Когда солнце перевалило за полдень, Карина сказала, что не худо бы все же вернуться. Он тут же согласился, но ей показалось, что какое-то облачко набежало на его чело.
– Тебя что-то волнует, сокол мой?
Он тряхнул головой.
– Марится что-то. Но не думай. Что бы ни было, теперь ты моя, и вместе мы решим, что делать.
Карина ехала перед ним в седле, откинув голову ему на плечо и блаженно полуприкрыв глаза. При подъезде к городу, когда все чаще стали попадаться знакомые, с любопытством взиравшие на влюбленных, она только сильнее прижалась к Ториру. Пусть видят. И так о ней идет молва, как о холодной русалке, избегающей мужского внимания, как о змее, губящей тепло в сердцах женихов ради небабьего прибыльного дела. Теперь же никто не упрекнет ее в том, что она живет пустоцветом. И пусть знают, что первая красавица Киева избрала себе достойного, того, кто любим и прославляем. Ибо ей хотелось гордиться своим избранником. Ей любы были взгляды, которыми провожали их киевляне, тепло становилось на душе от их приветственных окликов и веселых усмешек.
У ворот гостевого подворья было людно. Покидал постой кто-то из гостей Карины. В другое время она непременно сама бы пошла проводить приезжих, пожелала бы доброй дороги и удачи в пути. Обычное дело, когда хозяйка хочет, чтобы выгодные постояльцы вернулись к ее очагу. Но сейчас Карина лишь кивнула Любомиру, зная, что толковый парень сам справится. И невольно спрятала улыбку, видя, как таращится на них с Ториром заезжий византиец, как усмехается в бороду Третьяк, да и некоторые из ее челяди удивленно глядят на свою такую холодную и надменную хозяйку, которая сейчас ласковой кошкой жалась к варягу.
Во дворе у резного крылечка Торир помог ей спуститься с коня, но не сразу выпустил из своих объятий. Он вдруг как-то странно притих, взгляд его стал пустым.
– Что с тобой, ненаглядный мой?
Он попытался улыбнуться.
– Проголодался наверное.
Карина лишь засмеялась, сказала, что велит сейчас подать им перекусить. Ее стряпухи – превосходные мастерицы, сама таких подбирала, чтобы и справлялись быстро, и знали всякие блюда, как местные, так и иноземные, чтобы всякого уважить.
Она еще не окончила речь, как поняла: что-то случилось. Руки Торира, до этого еще обнимавшие ее, разжались. Устремленный куда-то за спину взгляд стал острым, как булат клинка. Она оглянулась и увидела, как у ворот подворья показались несколько гридней с Горы во главе с ярлом Ульвом.

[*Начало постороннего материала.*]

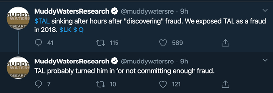 好未来自曝员工造假业绩后,知名做空机构浑水(Muddy Waters Research)在推特上发布信息称,“$TAL在‘发现’欺诈几小时后股价下跌。我们在 2018 年就将好未来(TAL)列为欺诈。”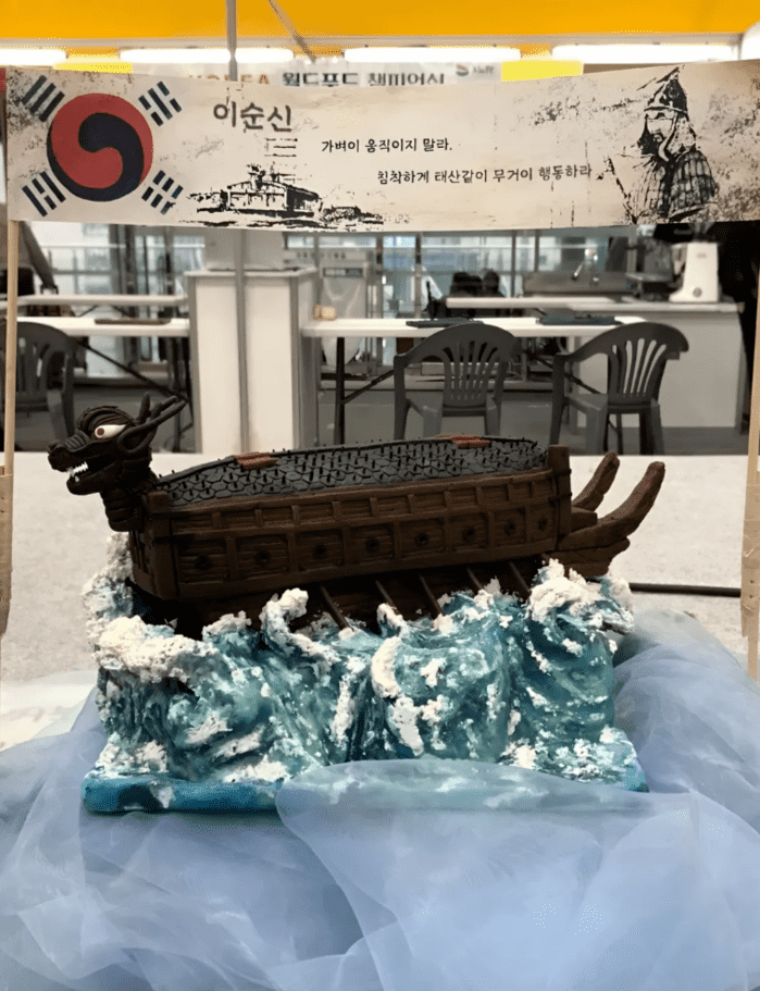 2025년 연말을 장식하는 국내 최대규모 월드푸드챔피언십 제과부문에서 최고상을 차지한 두학생의 작품에는 자못 의미 심장한 문구가 달려있다. 마지팬으로 정성스레 만든 그들의 케익에는 흔히 볼 수 없는 거북선이 자리잡고 있다.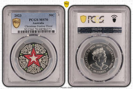 Christmas Festive Floral 2023 50c Coloured Coin - PCGS MS70 (48286373)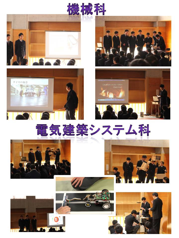 1月19日(木)機械科、電気建築システム科の3年生による課題研究発表会が行われました。課題研究発表とは、3年生が班ごとに分かれて1年間かけて研究した内容を、クラスメイトや1・2年生にむけて発表することです。約10分間、パワーポイントを使ったり、製作物で実演したりと、各班分かりやすく発表していました。来年度は、新3年生が今回の発表内容を引き継ぎ、さらに内容が深まるように研究していきます。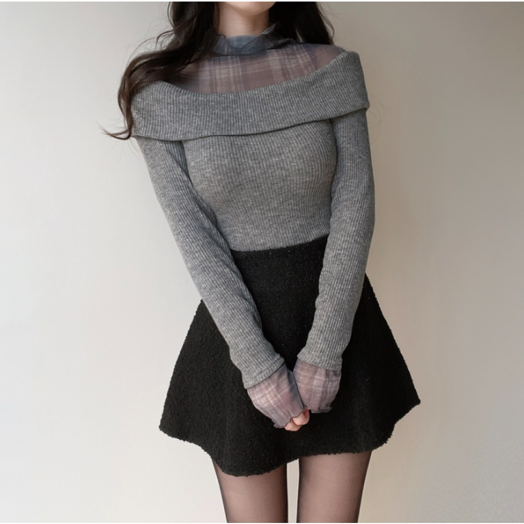 半高領假兩件針織長袖【2色入】 Copy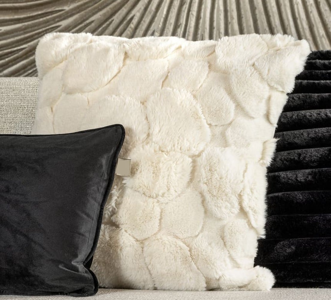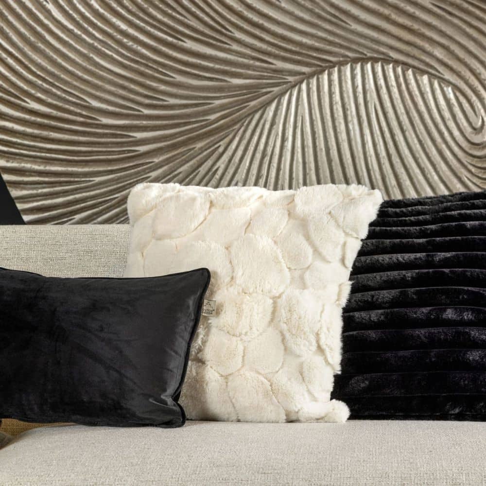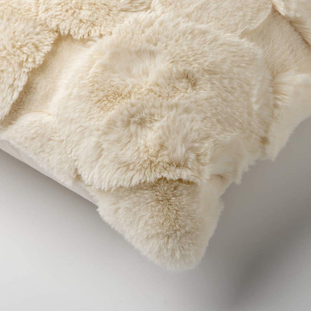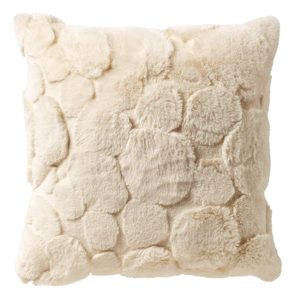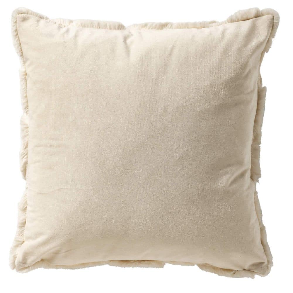Luonnonvaalea tyynynpäällinen, joka on ihanan pehmeää pörrömateriaalia. Etupuolella on kaunis kohokuviointi ja takapuolella sileä samettipinta. Vaaleasävyinen päällinen on helppo yhdistellä kodin muiden tekstiilien kanssa.

Одноглазый не сразу заметил парочку у дальнего крыльца. Торир даже успел негромко велеть Карине отойти и, что бы ни случилось, вести себя как ни в чем не бывало. Сам же шагнул навстречу Ульву.
– Ой ты гой еси, ярл Ульв. Не меня ли беспутного ищешь?
Ульв глядел на него сначала сурово, потом в глазу его словно засветился огонь, рот под светлыми усами пополз в сторону в кривой усмешке.
– А ты никак ждал? Что ж, не зря. Чует собака, чье мясо съела. А теперь идем со мной. Князья видеть тебя желают. Герой. Ха!
Слово «герой» он произнес, как ругательство. И Торир понял, что пропал. Хотя всегда в душе был готов к этому, но сейчас все словно оцепенело внутри. Удивительно, как еще сумел усмехнуться. Стал спрашивать, зачем так срочно князьям понадобился, заговаривал зубы, а сам быстро решал, как поступить. Пойти или… Ощущение беды стало столь сильным, что понял: лучше бежать. Как? Опять твердил что-то, мол, чтобы к князьям идти, не грех сначала в баньке попариться, новое корзно надеть. Сам же не спеша вместе с гриднями двигался к воротам, туда, где прислужник Карины еще держал под уздцы Малагу. И вдруг влетел в седло, пришпорив коня.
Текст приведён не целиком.